▶ _WORK INSTRUCTIONS_
Exactly the lines from the first line of the records to the line holding "Die Tischplatte besteht" should be duplicated, and nothing more; pictures stay out.

▶ _EXTRACTED MATERIAL_
• • • • • • •

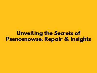 Unveiling The Secrets Of Psenosnowse: Repair & Insights
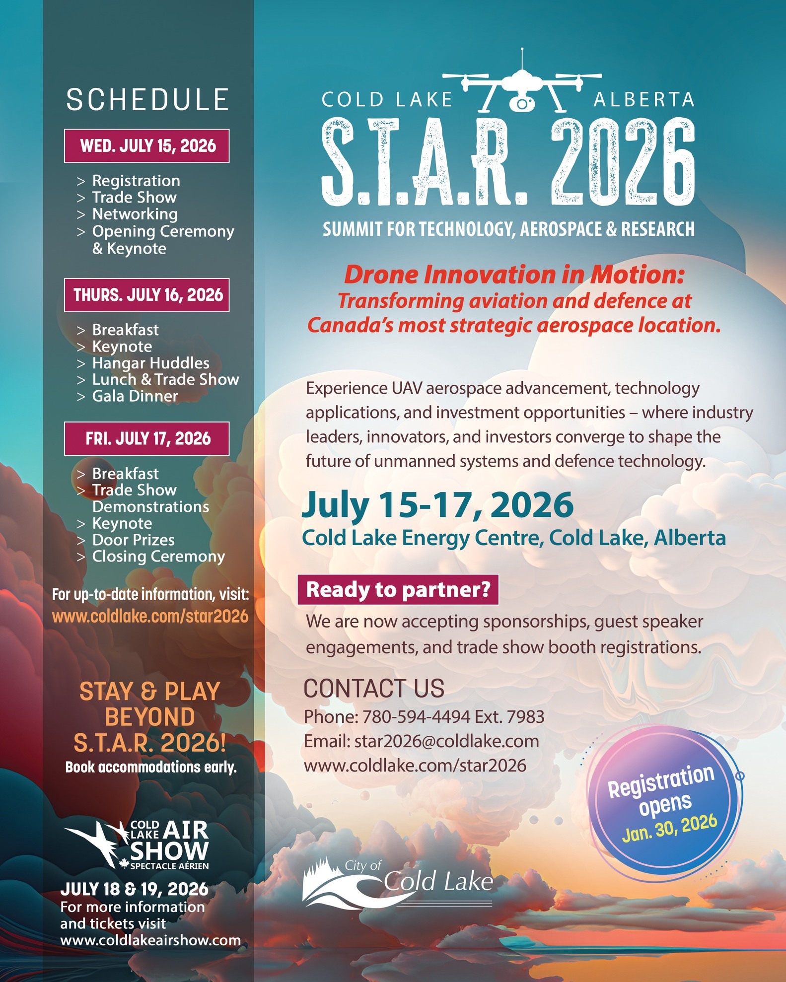 S.T.A.R. 2026 (Summit for Technology, Aerospace & Research) is coming to Cold Lake, Alberta, July 15–17, 2026 at the Cold Lake Energy Centre.
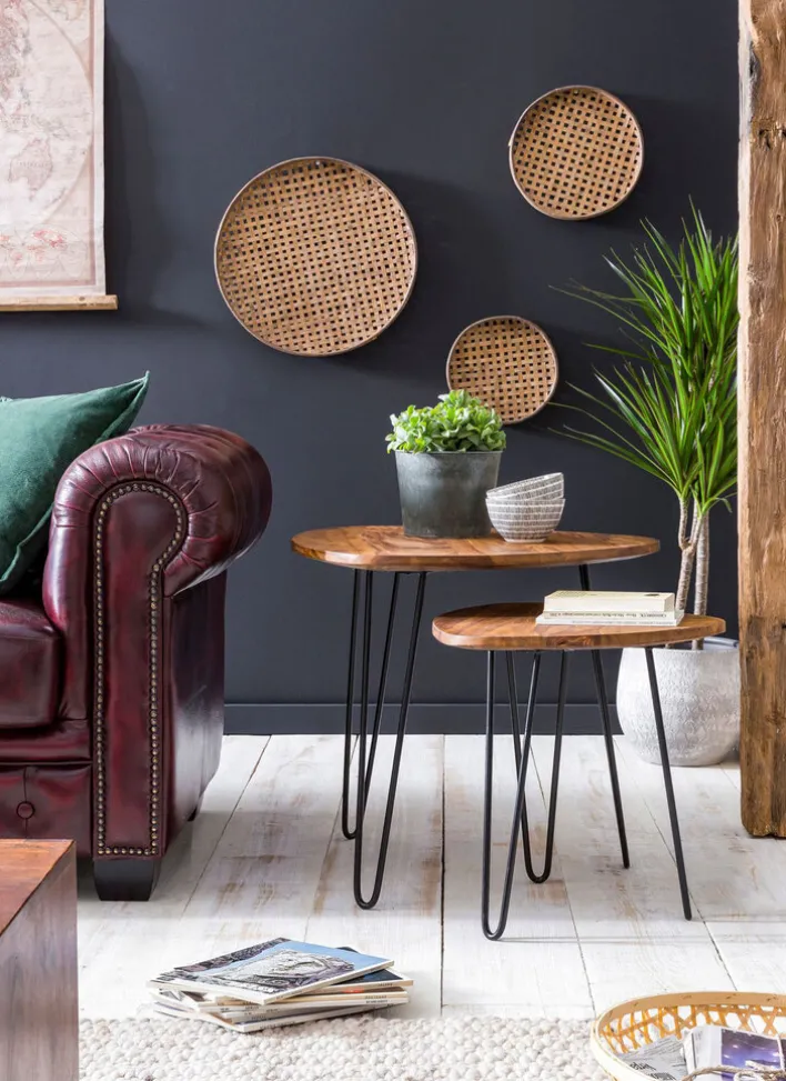 Die Tischplatte besteht aus massivem Holz (Rosenholz Sheesham) und zeigt eine angenehm lebhafte Maserung. Das filigrane Gestell ist aus Eisen gefertigt. Die Beistelltische können einzeln an verschiedenen Stellen platziert werden. Sie sehen aber auch sehr attraktiv aus, wenn der kleinere ein wenig unter den höheren geschoben wird. Beliebte Standorte sind der Stellplatz neben dem Lieblingssessel oder der Couch.
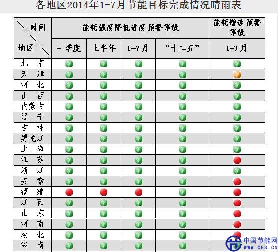 北極星節(jié)能環(huán)保網(wǎng)從國家發(fā)展和改革委員會(huì)獲悉:近日,國家發(fā)布了各地區(qū)2014年1-7月節(jié)能目標(biāo)完成情況晴雨表。通過對(duì)各地區(qū)節(jié)能形勢(shì)進(jìn)行分析,對(duì)照各地“十二五”年均節(jié)能任務(wù),1-7月,福建、海南、陜西、青海、新疆等5個(gè)地區(qū)預(yù)警等級(jí)為一級(jí),節(jié)能形勢(shì)十分嚴(yán)峻;寧夏預(yù)警等級(jí)為二級(jí),節(jié)能形勢(shì)比較嚴(yán)峻;北京、天津、河北、山西、內(nèi)蒙古、遼寧、吉林、黑龍江、上海、江蘇、浙江、安徽、江西、山東、河南、湖北、湖南、廣東、廣西、重慶、四川、貴州、云南、甘肅等24個(gè)地區(qū)預(yù)警等級(jí)為三級(jí),節(jié)能工作進(jìn)展基本順利。西藏缺乏統(tǒng)計(jì)數(shù)據(jù),沒有進(jìn)行預(yù)測(cè)。與上半年相比,陜西由二級(jí)預(yù)警上升為一級(jí)預(yù)警;寧夏由一級(jí)預(yù)警下降為二級(jí)預(yù)警。
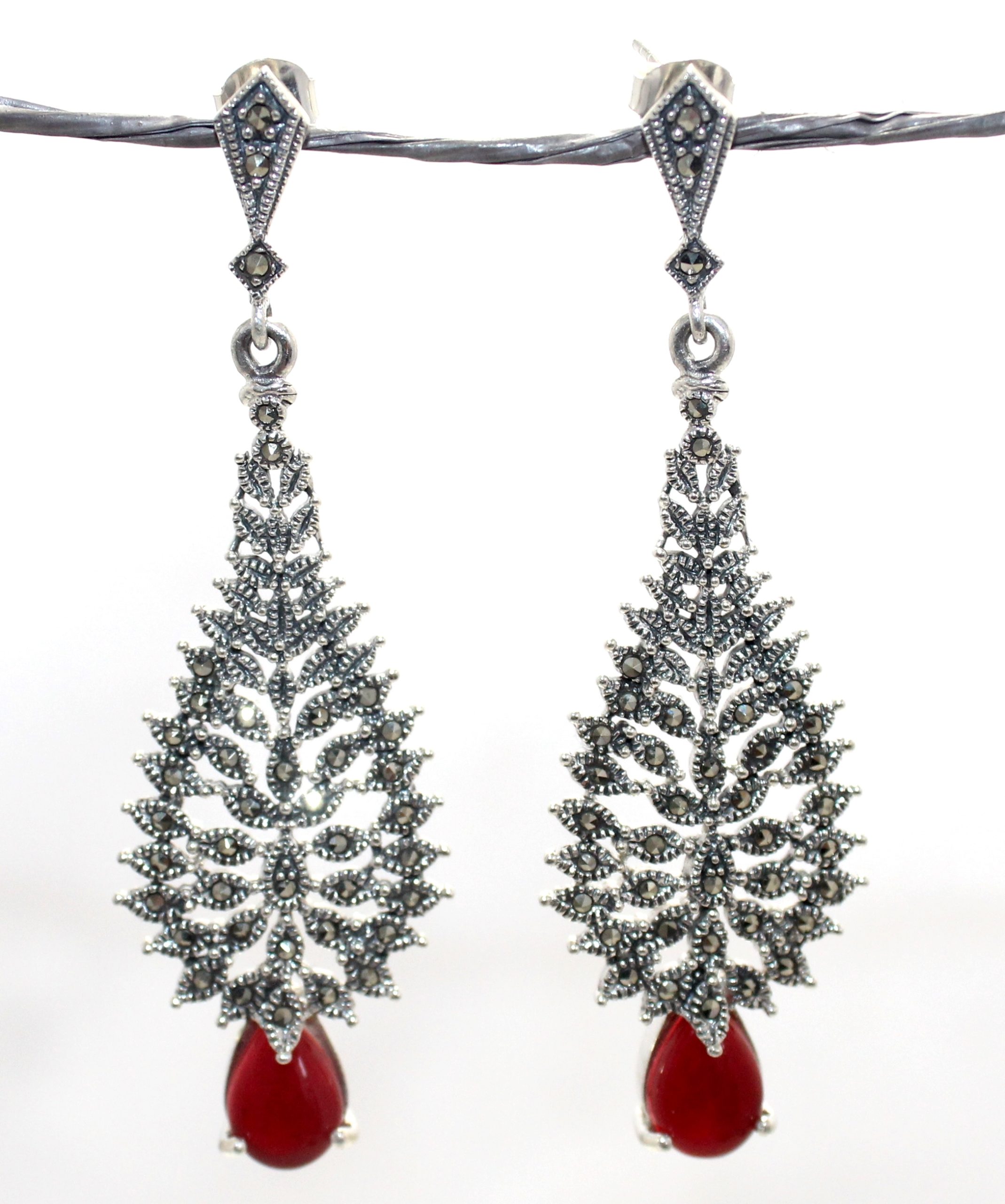 Rajasthan Gems Dangle Long Earrings Silver 925 Sterling Marcasite & Carnelian Gem Stone Handmade Women Gift Designer G294
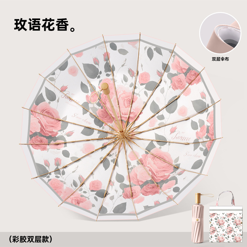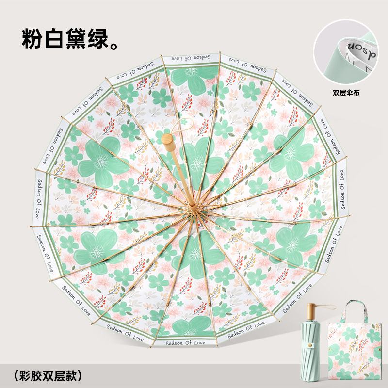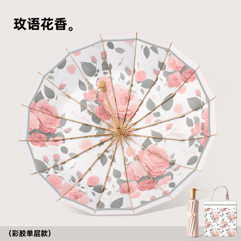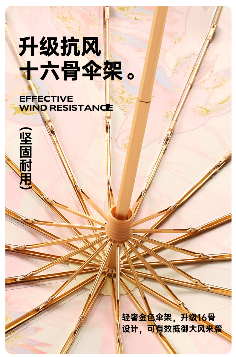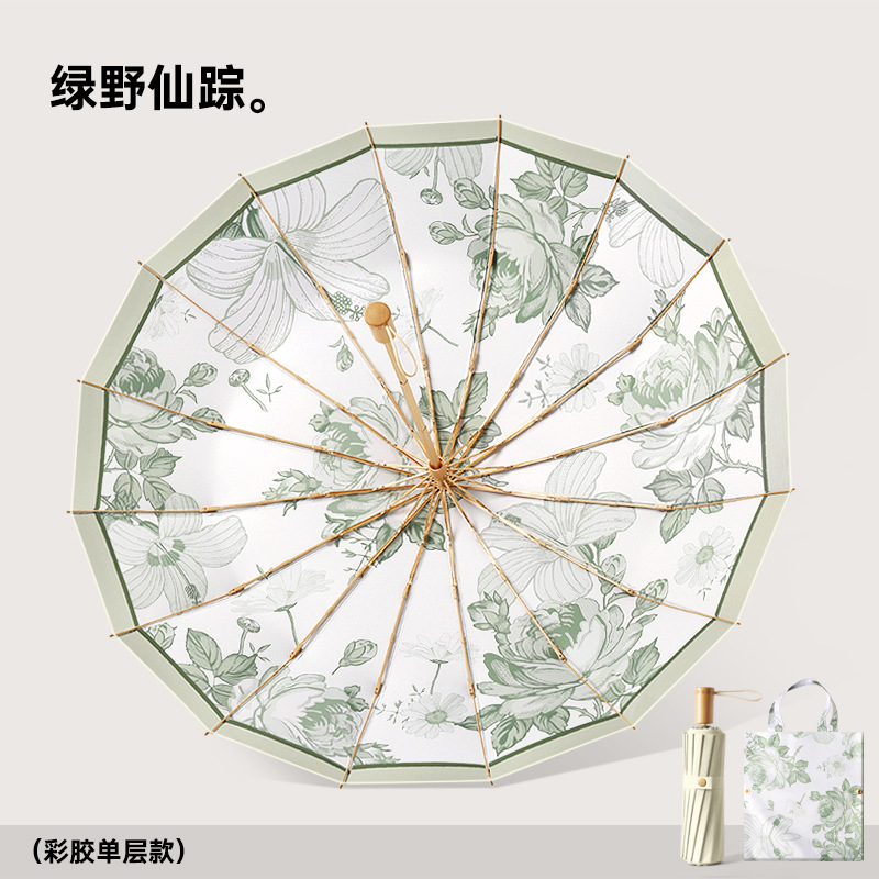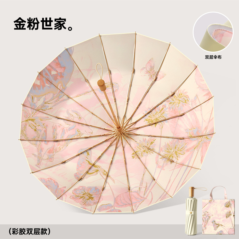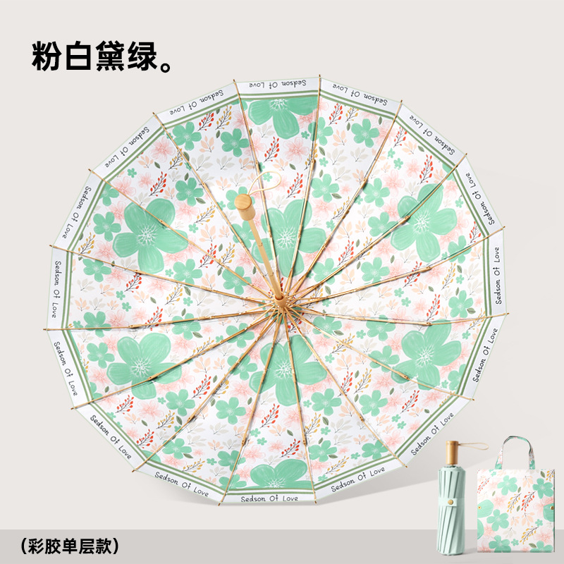 새로운 16 뼈 컬러 접착제 디지털 인쇄 예술 그늘 우산 손으로 접는 선 스크린 우산 사용자 정의
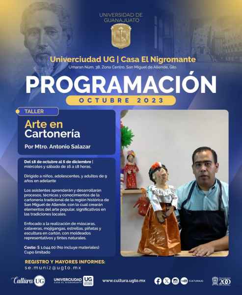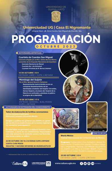 En la Univerciudad Casa Nigromante en Umarán 38, San Miguel de Allende estará el “Monólogo del Quijote” por el Mtro. Ignacio Navarro este 18 de octubre a las 17:00 horas; y del 18 de octubre al 6 de diciembre se invita al “Taller arte en cartonería” impartido por el Mtro. Antonio Salazar. Informes: Esta dirección de correo electrónico está protegida contra spambots. Usted necesita tener Javascript activado para poder verla.
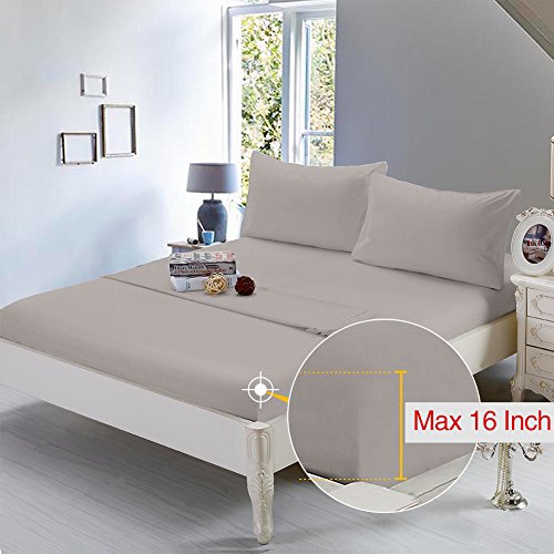 Queen Size Comfortable 4pc Bed Sheet Set includes a 90" x 102" flat sheet, 80" x 60" x 16" fitted sheet, and 2 pillowcases 20" x 30". Deep pocket fitted sheet with elastic all around (not just the corners, like other sheets). Fits mattresses up to 16"

• • • • • • •

▶ _RESULT OF THE TASK_
 Unveiling The Secrets Of Psenosnowse: Repair & Insights
 S.T.A.R. 2026 (Summit for Technology, Aerospace & Research) is coming to Cold Lake, Alberta, July 15–17, 2026 at the Cold Lake Energy Centre.
 Die Tischplatte besteht aus massivem Holz (Rosenholz Sheesham) und zeigt eine angenehm lebhafte Maserung. Das filigrane Gestell ist aus Eisen gefertigt. Die Beistelltische können einzeln an verschiedenen Stellen platziert werden. Sie sehen aber auch sehr attraktiv aus, wenn der kleinere ein wenig unter den höheren geschoben wird. Beliebte Standorte sind der Stellplatz neben dem Lieblingssessel oder der Couch.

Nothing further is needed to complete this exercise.